===== Information provided
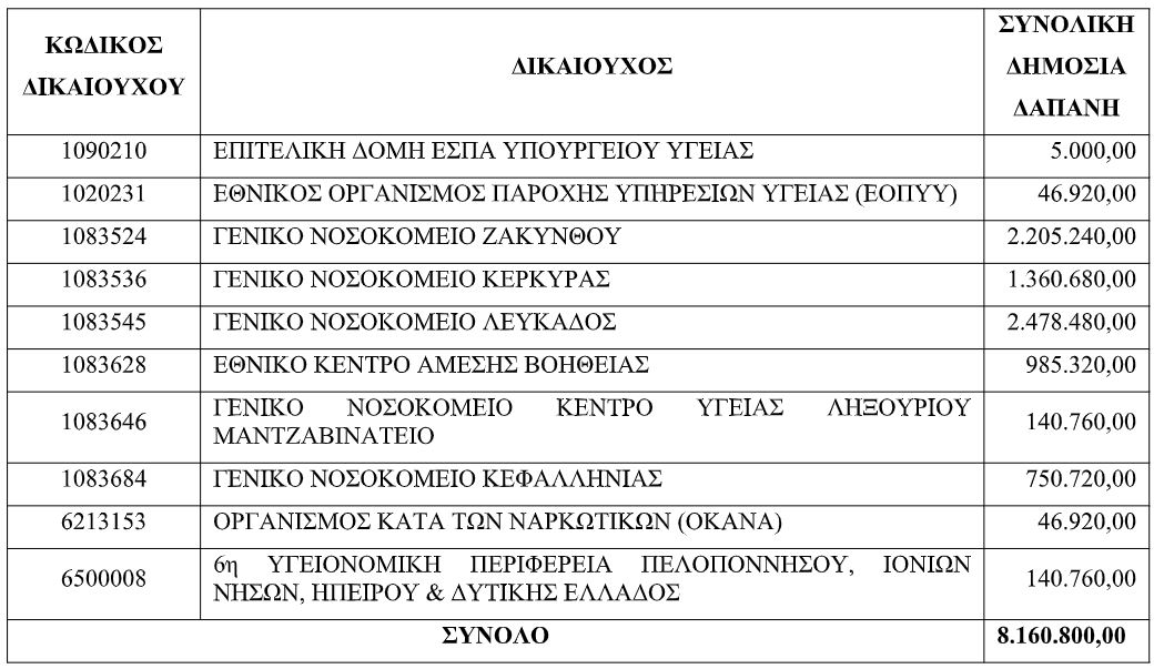 Στις 7/10/2020 η ΠΙΝ δια της περιφερειάρχη χρηματοδότησε μια σειρά φορείς δημόσιας υγείας με το ποσόν των 8.160.800 ευρώ για την πρόσληψη επικουρικού προσωπικού λόγω της πανδημίας του covid-19.
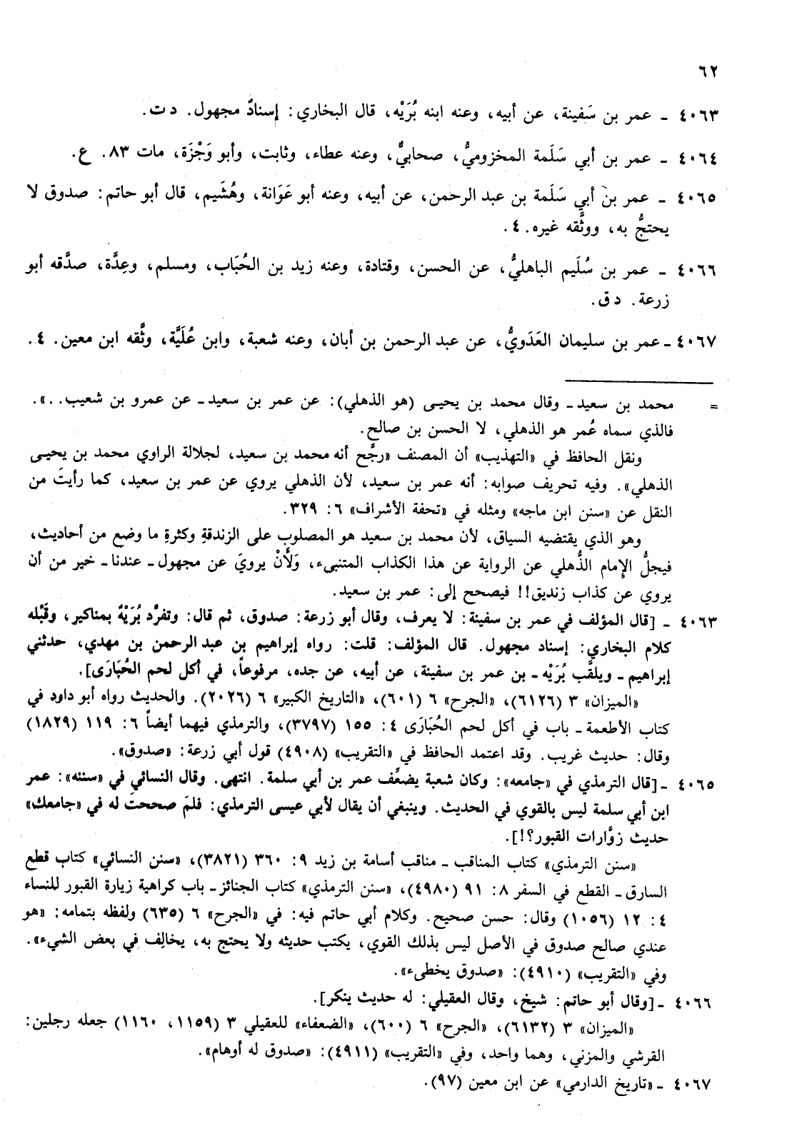 4063- عمر بن سفينة عن أبيه وعنه ابنه بريه قال البخاري إسناد مجهول د ت
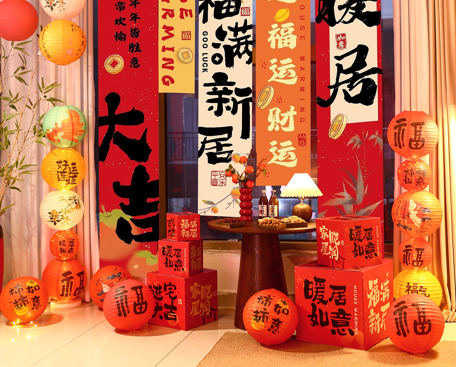 乔迁之喜搬进新房装饰新居布置挂布灯笼客厅搬家摆件入宅仪式用品
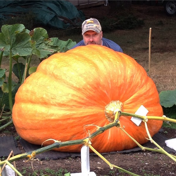 My husband being funny and trying to make the pumpkin look extra giant. It was sitting at 675lbs yesterday. About a month until weigh-off.
==========
**Activity**
Copy only this, please: the line with "乔迁之喜搬进新房装饰新居布置挂布灯笼客厅搬家摆件入宅仪式用品" and every line after it through the end of the data, with no pictures.

**Finished task**
 乔迁之喜搬进新房装饰新居布置挂布灯笼客厅搬家摆件入宅仪式用品
 My husband being funny and trying to make the pumpkin look extra giant. It was sitting at 675lbs yesterday. About a month until weigh-off.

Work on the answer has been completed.